Latency is weird. If you have 10 million queries per second flowing through your system, you don't want to alert because one was too slow. On the other hand you really care if some are extremely slow, or most are kindof slow. Because of this you often want to pick a couple of percentiles, maybe 99'th and 50'th (unfortunately this does depend on the scale of your system, but only very loosely), and alert on their latency being high. I'm going to cheat a bit and count those as one metric, since you can easily put them on one graph. And I'm making the rules anyway :).

Think about what your system does, and make sure your metrics are representative. If 90% of your queries are of one type that's super-cheap and fast, and 5% are expensive and incredibly slow, maybe you want to break those out into seperate metrics. You really can't do this process blind, you have to look at your system, what metrics you can get reasonably, and what they will tell you.

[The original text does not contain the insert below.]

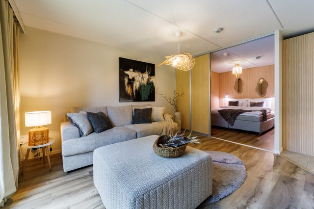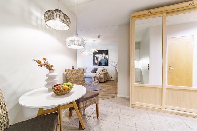 Kaksio sijaitsee talon toisessa kerroksessa, ja sen tilaratkaisut on suunniteltu käytännöllisiksi. Virallisen makuuhuoneen lisäksi asunnossa on rakennettu toinen makuu-alkovi, mikä mahdollistaa jopa kuuden hengen majoittumisen mukavasti. Kylpyhuoneessa on lattialämmitys, joka lisää arjen mukavuutta ja tuo ripauksen luksusta.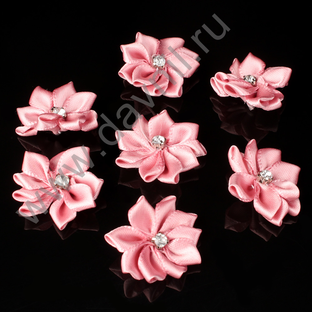 тканевые цветочки, материалы для творчества, атласные цветочки, товары для рукоделия.

2) Insight into what's impacting the health of your system

Key metrics tell us whether our system is healthy, and give a 10,000 foot view of how it's unhealthy, but not a clue at all as to why or where to look. This is what the rest of your metrics are for. Here is where you go crazy, the more metrics the merrier. That said, piles and piles of metrics don't really help you if you can't find them. Think about what you want to know while debugging a given problem, and what metric you would want to help dig down and see what's wrong, or prove that something is or is not the issue.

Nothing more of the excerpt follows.